Nothoclavulina

Scientific classification
- Kingdom: Fungi
- Division: Basidiomycota
- Class: Agaricomycetes
- Order: Agaricales
- Family: Tricholomataceae
- Genus: Nothoclavulina Singer
- Type species: Nothoclavulina ditopa Singer

= Nothoclavulina =

Genus of fungi

Nothoclavulina is a genus of fungus in the family Tricholomataceae. The genus is monotypic, containing the single species Nothoclavulina ditopa, described by American mycologist Rolf Singer in 1970. The species, found in Argentina, is an anamorphic version of the genus Arthrosporella. The generic name Nothoclavulina is Latin for "false Clavulina".

==Description==
The fungus white sporocarps measure 5–25 mm by 1–2.5 mm, and have a central strand of filamentous hyphae. The surface is pulverulent—as if covered with a fine white powder. There are no basidia, basidiospores, nor clamp connections present in the hyphae. The fungus produces arthrospores, specialized uninucleate cells that function like a spore and formed vegetatively. The arthrospores have thin walls, and are hyaline (translucent) and smooth. The fungus is the anamorph (asexual stage) of the species Arthrosporella ditopa; the arthroconidia are produced directly on the stem of that species to give it a powdery appearance.

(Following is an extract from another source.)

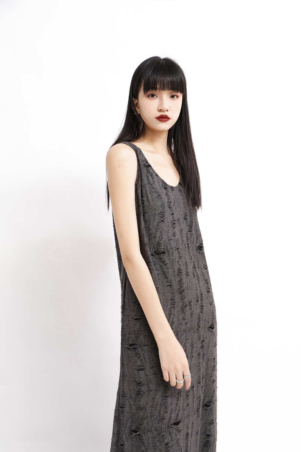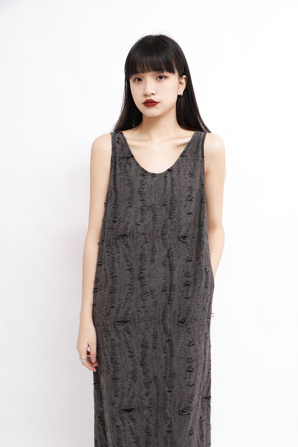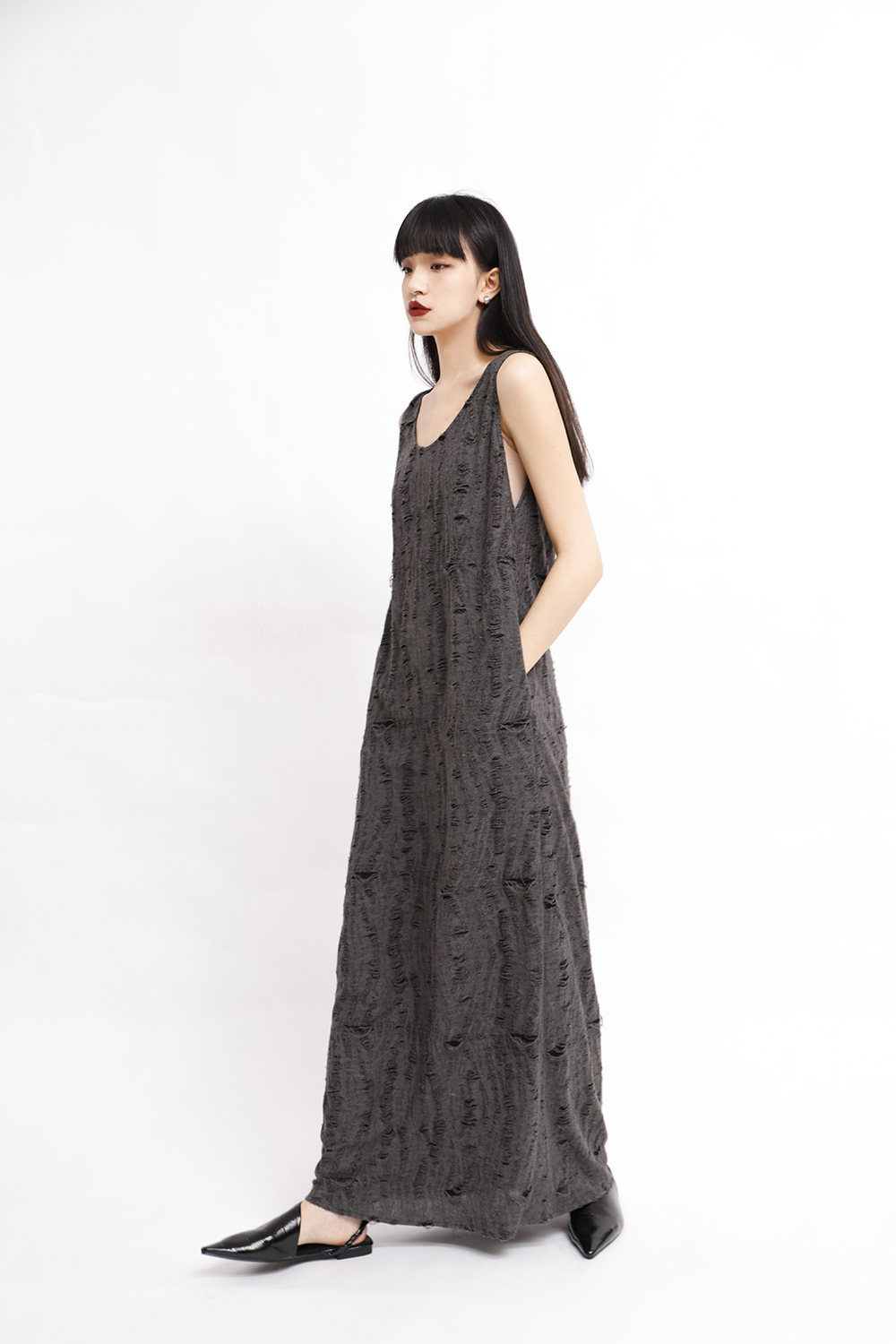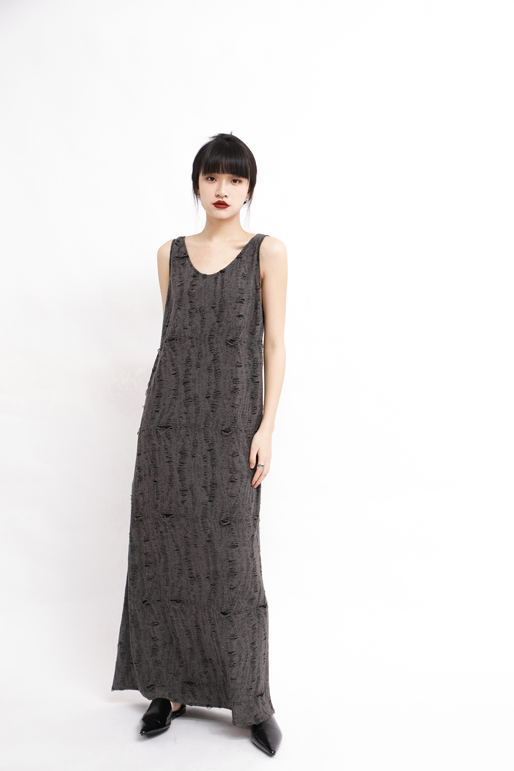 Asaya739 - APOZi Landscape Series Grey Hole Loose Strap Dress for Women Tall and Elegant Long Skirt Zixia New Style

==Habitat and distribution==
The fungus was found by Rolf Singer in the late autumn of 1949, growing on rotting leaves and humus in subtropical forests dominated by Myrtaceae species, in the northwestern province of Tucumán in Argentina. Found at an altitude 1000 to 1100 m, nearby plants in the area were from several genera, including Boehmeria, Duranta, Eugenia, Phoebe, and Piptadenia.